Last week, my colleague from The Cort Group and I had the pleasure of visiting two groups of Stockton-area students at Venture Academy and The First Fifty to discuss cities and urbanism. Our plan was to teach these students about the fundamental characteristics of great neighborhoods and cities. I anticipated that much of our time would be spent debunking the myths that freeways, strip malls and tract housing are synonymous with municipal prosperity. Instead, it turns out that even though the majority of kids in Stockton live in unwalkable, uncharismatic neighborhoods, they intuitively understood the basic tenants of urban design and how walkability and public spaces make for the best communities.
As part of our presentation, we asked the students to split into groups and design what they felt the perfect community should look like from a bird’s eye view, covering one to two miles. What would the roads look like? Would there be places to eat? What kinds of homes should there be? The results were both amusing and pleasantly surprising.
I went into this exercise with the expectation that the groups would come up with communities anchored by mega malls, lines of homes, gated subdivisions and freeways crisscrossing the city, but thankfully they proved me wrong. What made an ideal city in their eyes turned out to be parks, affordable housing and restaurants/shops in close proximity.
To our delight, each group placed a large park or town square in the middle of their communities, noting that they wanted places where people could get together and hang out (many said that their own neighborhoods lacked this quality). Generally, each central public space was surrounded by businesses and homes. Schools were placed near restaurants and shops so that they could be easily accessed by foot. There were bike lanes and crosswalks. A few of these groups even made it a point to include a mix of housing types, incoporating single family homes as well as apartments and low-income housing.
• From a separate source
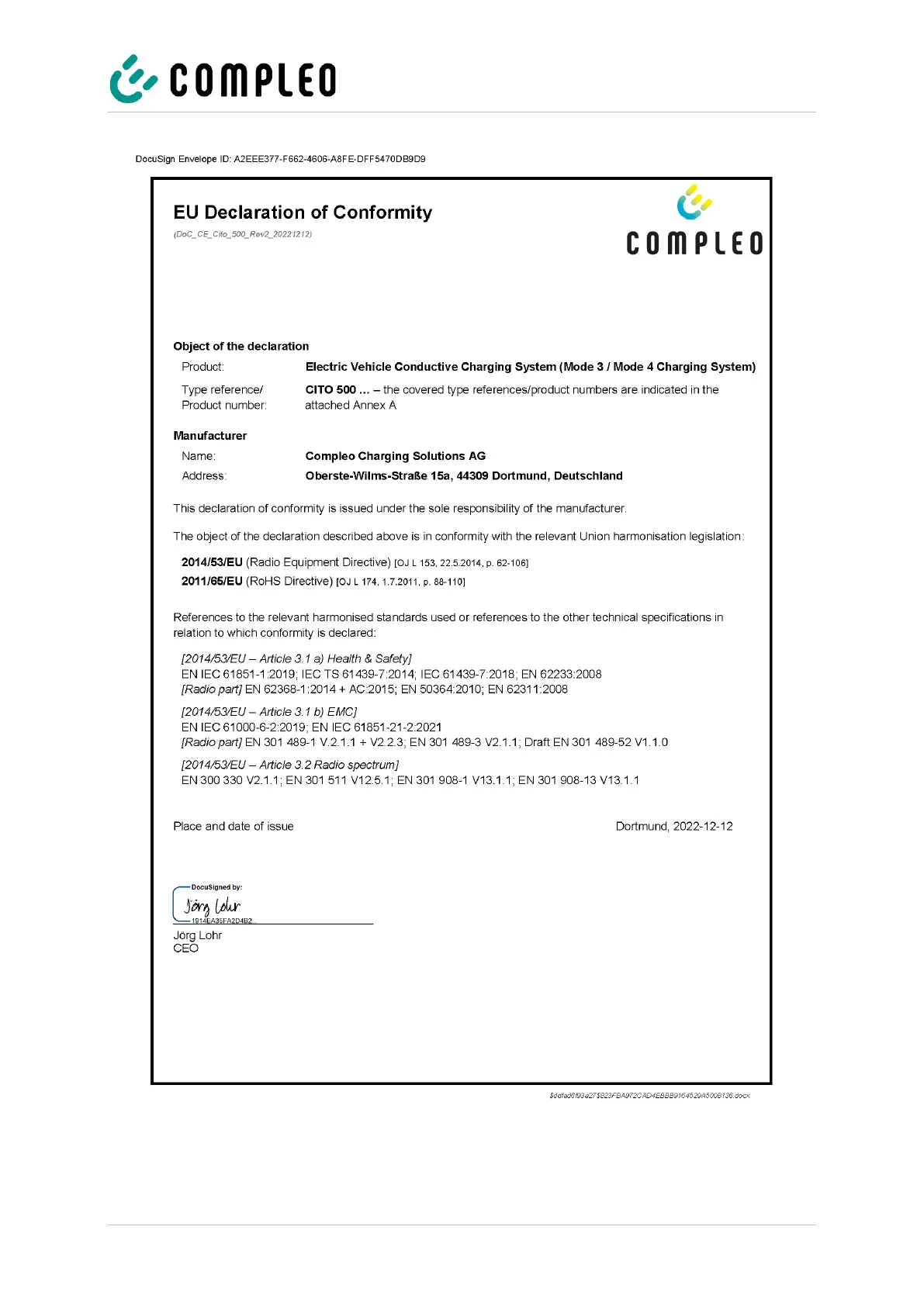 Declaration of conformity of the compleo® Cito BM 500 charging system incl. compleo® SAM

One student even said he would use his own house for homeless children (the same student also mentioned that his house would be adjacent to Nicki Minaj’s).
To be sure, cars were still part of the equation. Gas stations were included as well as some areas for parking. But the students made it clear that while they wanted space for cars, they did not want residents in their communities to be dependent on them. They wanted people to use cars when they wanted to, not because they had no other choice.
In addition to solid design, the students incorporated some rather hilarious elements to their cities, of course. One group featured “Turn Down for What Hospital,” after the hit Lil Jon single. There was also the high end French restaurant named “Le Food,” and one local college was dubbed “Hashtag University.” And don’t forget the Post Office, “where people go to post up,” as one student described. But it was where these landmarks were placed in relation to other areas that revealed the groups’ keen awareness of the problems facing Stockton.
Before we started the mapping exercise, we asked each student about the neighborhoods they lived in and what they liked and disliked about it. Several students noted that they had nothing to do in their area and needed a car to get to anywhere fun. One student lamented the lack of sidewalks, while another said that while she lived in a newer neighborhood up north, no one talked to their neighbors and there was no sense of community. Moreover, two kids learned that day that they actually live in the same neighborhood.
With these issues in mind, the students created places that would be much better at fostering human interaction and providing equitable housing situations. None of their neighborhoods looked like anything built in Stockton over the past 50 years, which is interesting because newer subdivisions frequently feature pictures of happy neighbors while advertising “community” in their marketing. These kids weren’t fooled, however, and they understood that new homes and gated communities don’t equal strong neighborhoods.
In addition to creating their ideal communities, the students also showed support for a better Stockton. When asked who would be willing to live downtown, well over half of the students raised their hands. And while most said they planned to leave Stockton at some point, many also said they want to come back. Hopefully, by that time, we will have invested in better communities worth coming back to.